If you're on a  low-fat diet, this may be of interest to you..

new report in the medical journal BMJ suggests current dietary recommendations from the World Health Organization (WHO) — which suggest limiting saturated fat intake — might actually hurt your health.

The controversy here centers on saturated fat, or the kind of fat found in foods like butter, cheese and red meat or “unhealthy” fats.

Arne Astrup, a nutrition professor at the University of Copenhagen. and his colleagues have a study that points out, not all saturated fats are made equal.

Plus, cutting too many high-sat-fat foods from your diet could actually mean robbing yourself of other important nutrients and their benefits.

For example: The kind of saturated fat in dark chocolate has totally “different physiological effects” on the body than the type of saturated fat found in meat, or in dairy products.

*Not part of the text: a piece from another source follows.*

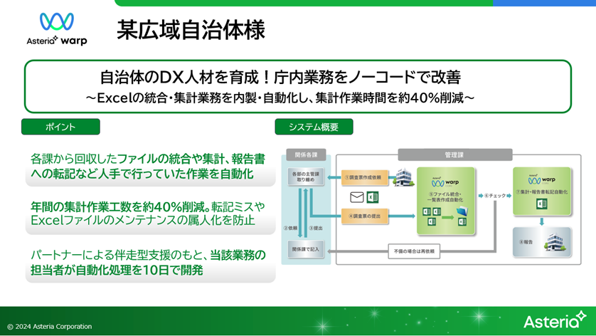 ここからは、当社が提供しているノーコードのデータ連携ツール「ASTERIA Warp(アステリア ワープ)」の自治体導入事例を紹介します。

Plus, he adds, a food’s “composition” — meaning its chemical-level structure and nutritional profile — “is crucially important” to consider.

Professor Astrup goes on to say...

“A recommendation to reduce intake of total saturated fat without considering specific fatty acids and food sources . . . might cause a reduction in the intake of nutrient-dense foods that decrease the risk of cardiovascular disease, type 2 diabetes, other serious non-communicable diseases, malnutrition, and deficiency diseases,” write Arne and co.

Furthermore, they’re concerned that it will lead to people substituting saturated fat with worse crap.

“We’re concerned that, based on several decades of experience, a focus on total saturated fat might have the unintended consequence of misleading governments, consumers, and industry towards promoting foods low in saturated fat but rich in refined starch and sugar.”

Arne and his colleagues are convinced that the best way to evaluate the healthfulness of a person’s diet is simply to focus on the mix of foods they’re eating.